FIVE: Don’t Overthink the Conversations
I learned that I must not go too far with what people are talking about. Leave them wanting more of your thoughts, opinions, and stories, not wishing you would be quiet. Explaining too much might make others think you like talking about yourself all the time or that you only like talking about certain things. Stick to what they are talking about in the present time and try not to overthink it. Conversations should be fun and interesting.
SIX: You Don’t Have to Be a Clown
I learned that while laughter is fun and welcomed, I do not need to always try to make friends laugh. I can be funny, but more importantly, there is a time and place for humor, and it should never be at the expense of others. Don’t laugh at someone’s weakness, race, body, personality, or status. It’s good to show appreciation when others are appropriately funny too. Being funny should happen naturally, don't try to make mean jokes for quick laughs, you will wind up hurting others this way. Good friends will joke with you and also kindly tell you when your jokes are not that funny. Usually though, with real friends, you can make a joke about anything and it will be funny regardless if it makes sense or not.
SEVEN: Remember Socializing is a Skill
Most of all, I started to realize that as I got older, I wanted more friends and to have more company.

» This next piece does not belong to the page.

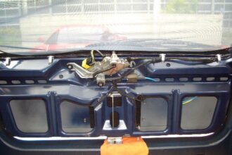ハッチを開けないと始まらないので室内から内張りを剥がし直接ロックを動かしハッチを開けます。 ドアノブでロックを解除しようとノブを動かしてみますがスカスカで感触がありません。 ノブからロックまでのリンクの動きを見てみると…

It was then I started to feel the importance of making quality friendship connections even more. I know creating friendships is a valuable skill to have, and will only become more important as I get older. Making friends can be challenging at any age so do your best to figure out your interests and what qualities you appreciate in a friend. It hurts to be rejected from someone you thought could be your friend, but remember there are a lot of people in the world that would be happy to meet a new friend! Keep trying and don’t give up if you don’t instantly find your friend group.
With these tips, I have learned to be more confident in my approach to making friends. I hope you find them helpful.
Seonbeom Joshua Kim can be found tinkering with robotics, in a corner reading a good book or taking a nice scenic walk around Northern New Jersey. When Joshua isn't writing, he's playing clarinet or moderating his friend's discord server.